# Can A 30-30 do the trick?



## squirrelman86 (Nov 8, 2006)

Im about to go hog hunting and im wondering could a 30-30 do the trick? If i were to take the hog at 75-125 yards would it have the knock down power needed to take out the hog with out using a hollow point? Im shooting winchester 150 grain core-lokt cartridges. Wat do yall think?


----------



## Ron Gilmore (Jan 7, 2003)

More than enough! This round has harvested almost every big game species in North America. If you feel the need the new Leveroution(ms) ammo is faster, flatter shooting.


----------



## squirrelman86 (Nov 8, 2006)

Thanks.
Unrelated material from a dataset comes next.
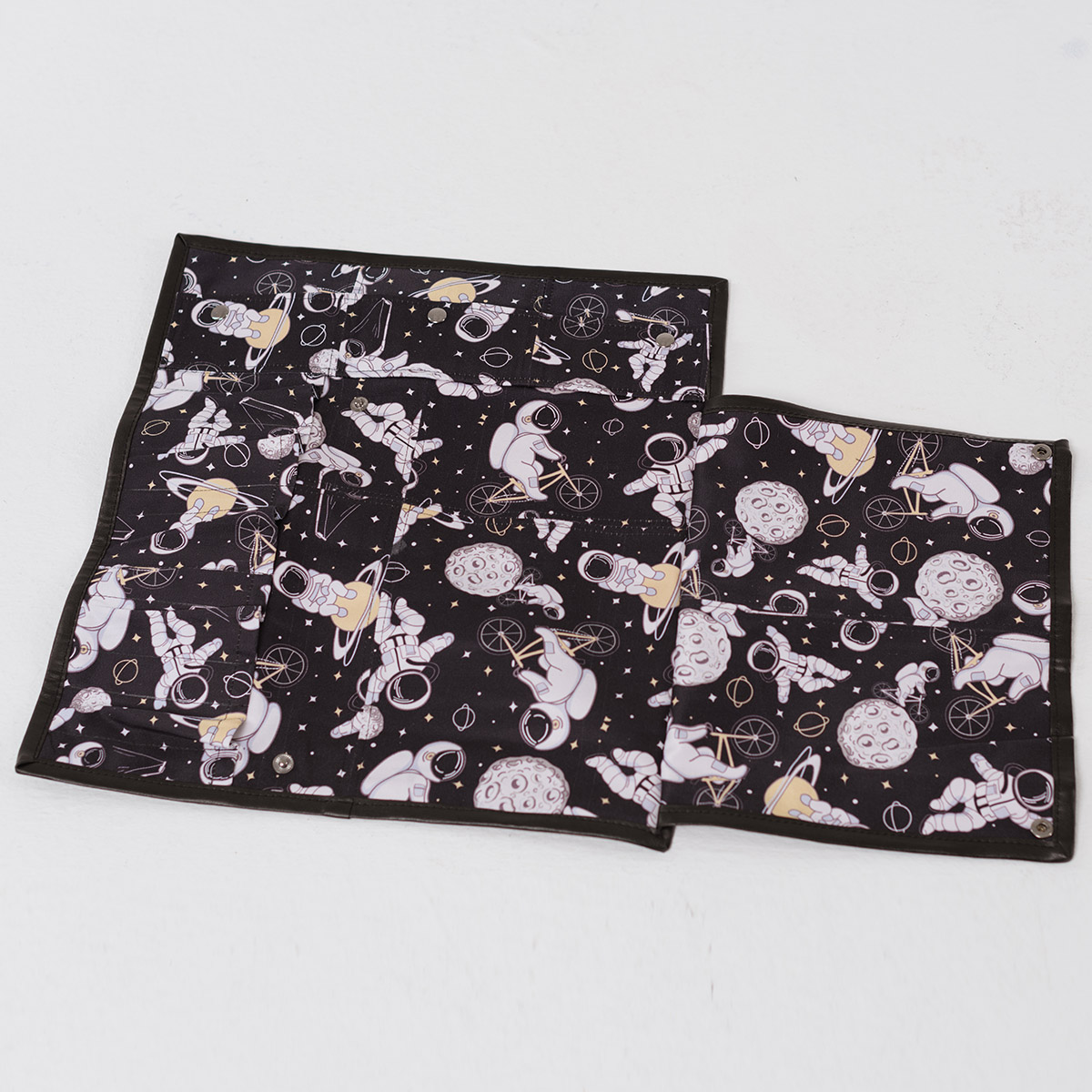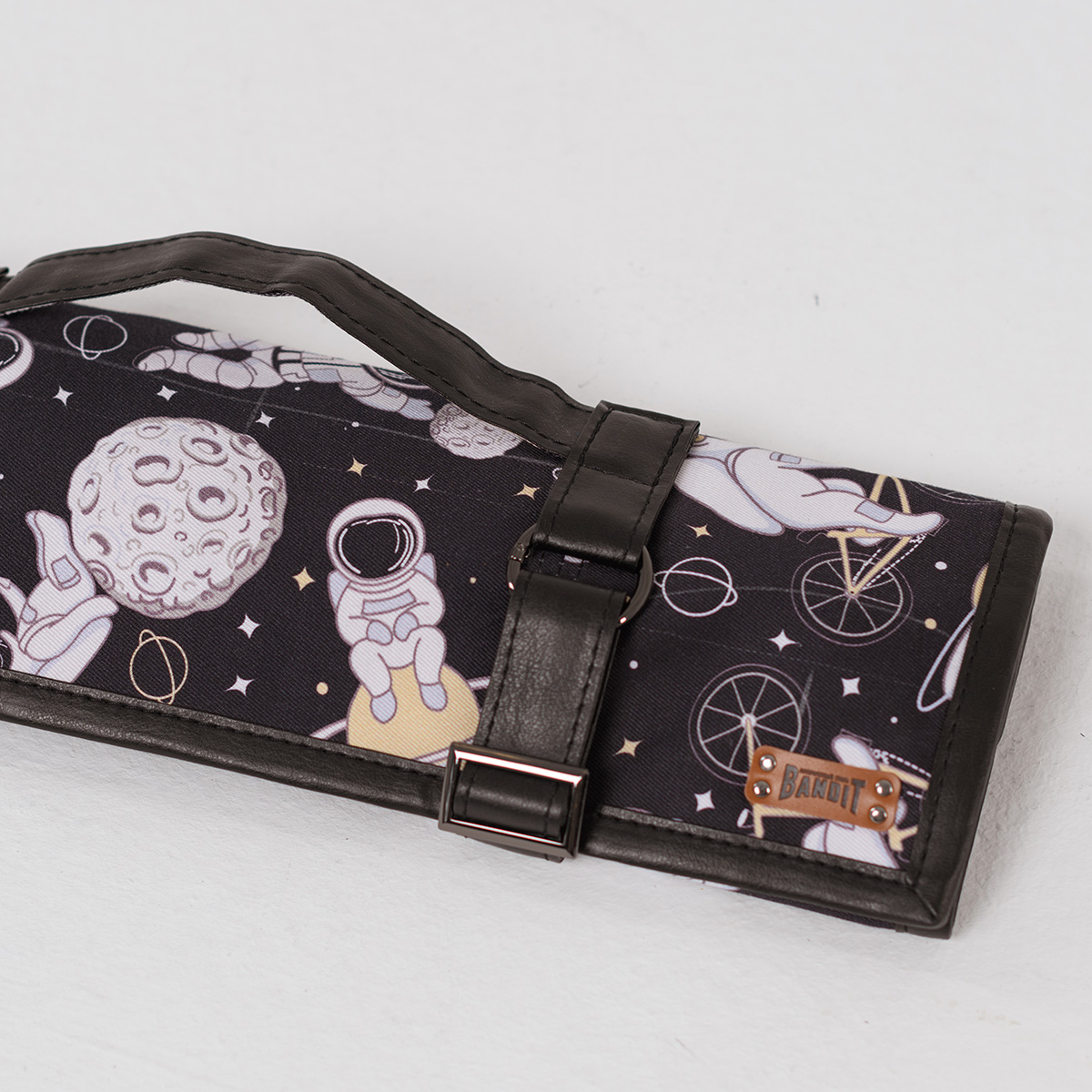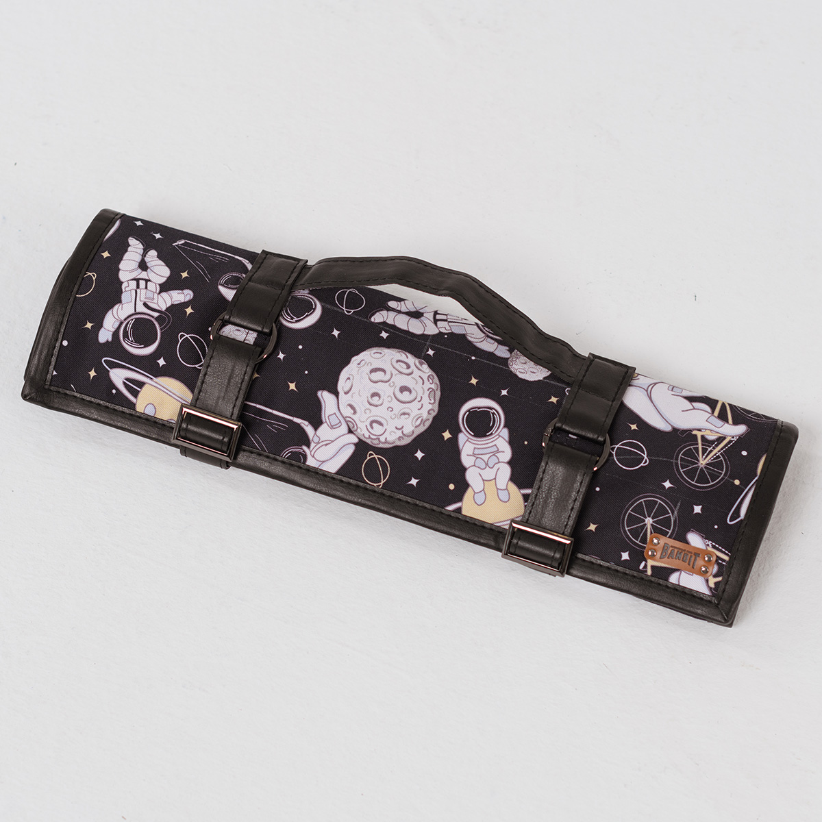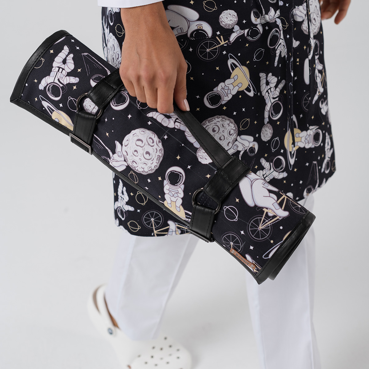 Скрутка для ножей от ультрамодной марки BANDIT - это неоценимая помощь в работе шеф-повара. Удобные отделения позволят носить с собой весь свой арсенал, а натуральный хлопок с небольшим добавлением спандекса лучше всего предохранит сталь от сырости. Ремешки и отделка внешних сторон выполнена из экокожи, мягкой и прочной. Отличительная особенность этой серии — оригинальные принты, подчёркивающие ваш неповторимый стиль.

Where can this ammo be found?


----------



## magnum44270 (Jul 20, 2007)

30-30 is more than enough...this caliber can be use on any north american game.. it may not be ideal for elk , brown bear, or grizzly..but if is the only wepon i had, i would have no fear in being let down by this cartridge.
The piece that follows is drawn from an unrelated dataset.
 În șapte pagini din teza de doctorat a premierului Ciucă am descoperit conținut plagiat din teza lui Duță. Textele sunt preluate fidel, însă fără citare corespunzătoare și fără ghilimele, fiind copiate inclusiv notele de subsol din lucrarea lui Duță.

hornady came out with a pointed tip with a balistic type tip that can be used in tube fed lever actions.. should be able ot find it at any high end sportinggoods store, or order online


----------



## Sasha and Abby (May 11, 2004)

For the ranges you mentioned, the 150/170 grain bullets will be fine. I have killed a bunch of snooters wit 30-30's and .44 Mag carbines. Actually, those are the only long guns we hunt with.


----------



## deerblazer93 (Dec 20, 2007)

well i shot a little buck at about 170 yards this year with my marlin 30-30 using cor-lok bullets and when i hit that deer it went down like a bag of crap and left a huge entrance and exit hole so i beleive it will put that hog in its place.


----------



## FL_Bubba (Jan 16, 2008)

I love my Winchester 94 for hog hunting. I am usually inside of 100 yards but could take them from farther out if I wanted to. The Hornady LEVERlution is AMAZING stuff


----------



## sdeprie (May 1, 2004)

Have confidence in that 30-30. Very few hogs take more kill (with a well placed shot) than a deer. (Smal hog/small deer, large hog/large deer, etc) I believe that the statistics still show that more deer have been taken with a 30-30 than any other single cartridge. It's enough.


----------



## magnum44270 (Jul 20, 2007)

you bet your balls it will


----------



## Mannlicher (Sep 18, 2005)

your 30-30 will do the job.

I use my own handloads in my Marlin 336Y. The Speer 170 grain FP over IMR4320 powder. This load and rifle have taken several deer, and a number of hogs.


----------